In one case, O’Leary was advising a husband and wife who both had cancer. The husband’s case was terminal, and he had no life insurance, but O’Leary and his team were able to find around $350,000 in insurance through the client’s lost superannuation accounts. The money helped with covering his two children’s’ private school costs and keeping the banks at bay for the next few months, while O’Leary ensured that the recovering wife’s will was up to date, and negotiated with the school to keep the children enrolled.

Not only has the hard work been recognised by the FPA award, but also by O’Leary’s existing clients.

“I know that it’s given us a lot more credibility with our existing clients. People that have been with us for a long, long time are really pleased that we’ve done that and got involved. I think you can’t quantify that.”

  • Sue Laing - the risk store on 6/08/2013 2:35:33 PM

    Yes Therese agree. There is lots of other positive news that should be coming from our industry regarding all the claims that thankfully some clients did make as they did get the right advice. It's high time the insurers got together to publicise this. Until they do the underinsurance will remain, as advisers themselves do more with investments than with insurance. Surely part of the reason for that is that the institutions don't do enough to support advisers in the insurance area! How many PD days for institutionally-owned dealerships have proper, in-depth, balanced proportions of insurance content??

  • Adrian Coles on 6/08/2013 12:22:58 PM

    Congratulations Mark.
    I've been doing this work for only 6 months and totally agree with Mark's comments in relation to the underinsurance problems. Significantly and frustratingly all of these clients have their super in "Industry" funds and have never had any contact with a fund representative in respect of improving their benefits !

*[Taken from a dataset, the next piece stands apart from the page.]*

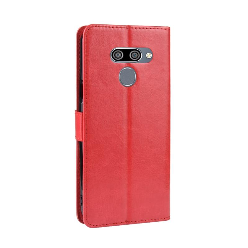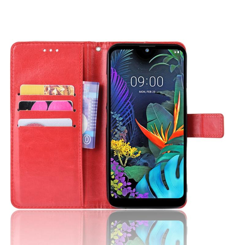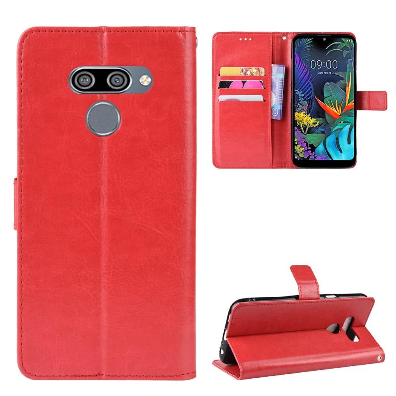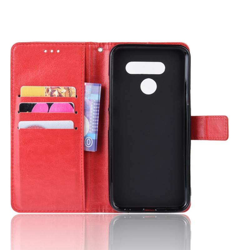 Retro Crazy Horse Texture Horizontal Flip Leather Case for LG K50 /LG Q60, with Holder & Card Slots & Photo Frame(Red)

  • Therese Stanton on 6/08/2013 9:48:53 AM

    Mark,
    We also do pro bono work for the cancer council and I agree wholeheartedly with your comments. I also know of other advisers who assist as well. Definitely is a tough area, however you also need to be a person that cares about their clients and this is what the majority of advisers are. We just don't hear this in any news reports.
    Good to see some positive news coming out of our industry.